Per Gustafsson <pergu(at)it(dot)uu(dot)se>
Final/R12B-0 Proposal is implemented in OTP release R12B-0
Standards Track

EEP 4: New BIFs for bit-level binaries (bit strings) #

Abstract #

This EEP describes the introduction of bit level binaries to the Erlang programming language. They can be constructed and manipulated using the bit syntax and a new set of BIFs which operate on bit-level binaries. These new BIFs are introduced in order to not alter the semantics of existing BIFs which operate on binaries, but instead implement similar operations for bit level binaries using new BIFs.

Definitions #

A bit-level binary in this document called a bit string is a sequence of bits of any length. A binary on the other hand is a sequence of bits where the number of bits is evenly divisible by eight. These definitions implies that any binary is also a bit string.

Manipulating bit strings using the bit syntax #

A bit syntax expression:


Evaluates to a bit string, if the sum of the sizes of all segments in the expression is divisible by eight the result is also a binary. Previously such expression could only evaluate to binaries and a runtime error was raised if this was not the case.

With this extension the expression Bin = <<1:9>> which previously caused a runtime error now creates a 9-bit binary. To be able to use this bit string to build a new bigger bit string we can write:

<<Bin/bitstring, 0:1>>

Note the use of bitstring as the type. This expands to binary-unit:1 where as the binary type would have expanded to binary-unit:8. Since bitstring is a long word to write in a binary pattern there is an alias bits which is used in the rest of this proposal, similarly for binary there is a shorthand bytes.

To match out a bit-level binary we also use the bit string type as in ::

case Bin of
  <<1:1,Rest/bits>> -> Rest;
  <<0:1,_/bits>> -> 0

This allows us to avoid situations were we would have to calculate padding.

Specifications #

bitsize/1::bitstring() -> integer()

Returns the size of a bit string in bits. This BIF is allowed in guards.

list_to_bitstring/1::bitstring_list() -> bitstr()

bitstring_list = cons(char() | bitstring()| bitstring_list(), bitstring() | bitstring_list) | nil()

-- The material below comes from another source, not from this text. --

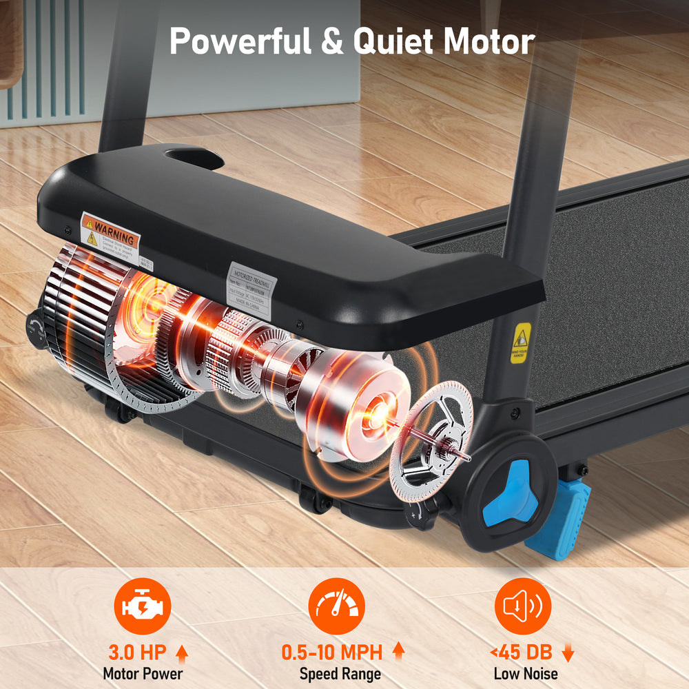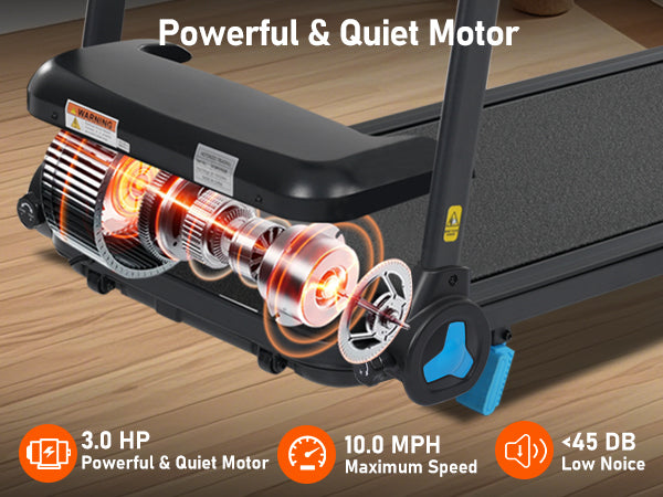 • Powerful 3.0HP Motor: Supports speeds from 0.5 to 10 MPH for walking, jogging, and running.
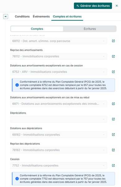 Bonjour, J’ai la situation suivante : J’ai repris une comptabilité sur PL J’ai donc importé le fichier EXCEL avec l’état actuel des immos Je crée maintenant les dotations de l’exercice PL calcule les dotations et réalise des écritures Jusqu’ici tout marche sur les roulettes. J’ai bien la valeur d’acquisition et la VNC au début de l’exercice qui correspond. Il y a juste un tout petit détail. Le choix des 280 xxx et 281 xxx est diffèrent sur PL, ce qui fait que les valeurs de n-1 ne matchent pas forcement avec les valeurs en n. Exemple (un immeuble) : Avant 281 310 (au 01/01/n) : 10 000 + Dotation n 2 500 281 310 (au 31/12/n) : 12 500 Après (avec PL) 281 310 (au 01/01/n) : 10 000 + Dotation n 0 281 310 (au 31/12/n) : 10 000 Mon cumul historique ne bouge plus. Par contre PL crée des nouveaux sous comptes pour chaque composant de l’immeuble 281 311 + Dotation n 500 281 312 + Dotation n 900 281 313 + Dotation n 900 281 313 + Dotation n 200 Dotation n cumulée 2 500 Je vais maintenant faire l’OD manuellement, splitter les reports de n-1 selon l’objet et les affecter au 01/01/n sur les nouveaux comptes. Suggestion : Prévoir une possibilité pour matcher automatiquement les comptes de dotation avec le cumul historiques repris ?Répondu585Vues2likes10Commentaires

Concatenates the bit strings and chars in the bitstring_list to create a bit string, each char becomes an 8-bit bit string.

is_bitstring/1::any() -> bool()

Returns true if the argument is a bit string, otherwise it returns false. This BIF is allowed in guards.

bitstring_to_list/1::bitstring() -> [char()|bitstring()]

Turns a bit string into a list of characters and if the number of bits in the bit string is not evenly divisible by eight the last element in the list is a bit string consisting of the last 1-7 bits of the original bit string.

Rationale #

The current definition of binaries makes it complicated to use the bit syntax for decoding when the format is not byte oriented, because the programmer is always forced to pad the binaries that he is using to become a sequence of bytes. Allowing bit-level binaries alleviates this problem.

The new BIFs proposed here are intended to give programmers the same tools to manipulate bit-level binaries as they are used to when manipulating binaries without changing the semantics of already existing BIFs and maintain properties such as if this statement:

is_binary(X) andalso size(X) =:= 0

evaluates to true then that implies that X = <<>>.

Implementation #

The extensions described in this document are either already implemented in R11B-4, but protected by a compiler switched or can be easily implemented.

Backwards Compatibility #

This change will not be entirely backward compatible for example: N=9, <<1:N>> would cause an error in the old system and now it would evaluate to a bit string.

The new BIFs are intended to give the same expressiveness for handling bit-level binaries as we have for ordinary binaries without changing the semantics of the BIFs for binaries such as size/1, binary_to_list/1, list_to_binary/1 etc.. This means that all such BIFs will throw an exception if their arguments contains bit strings.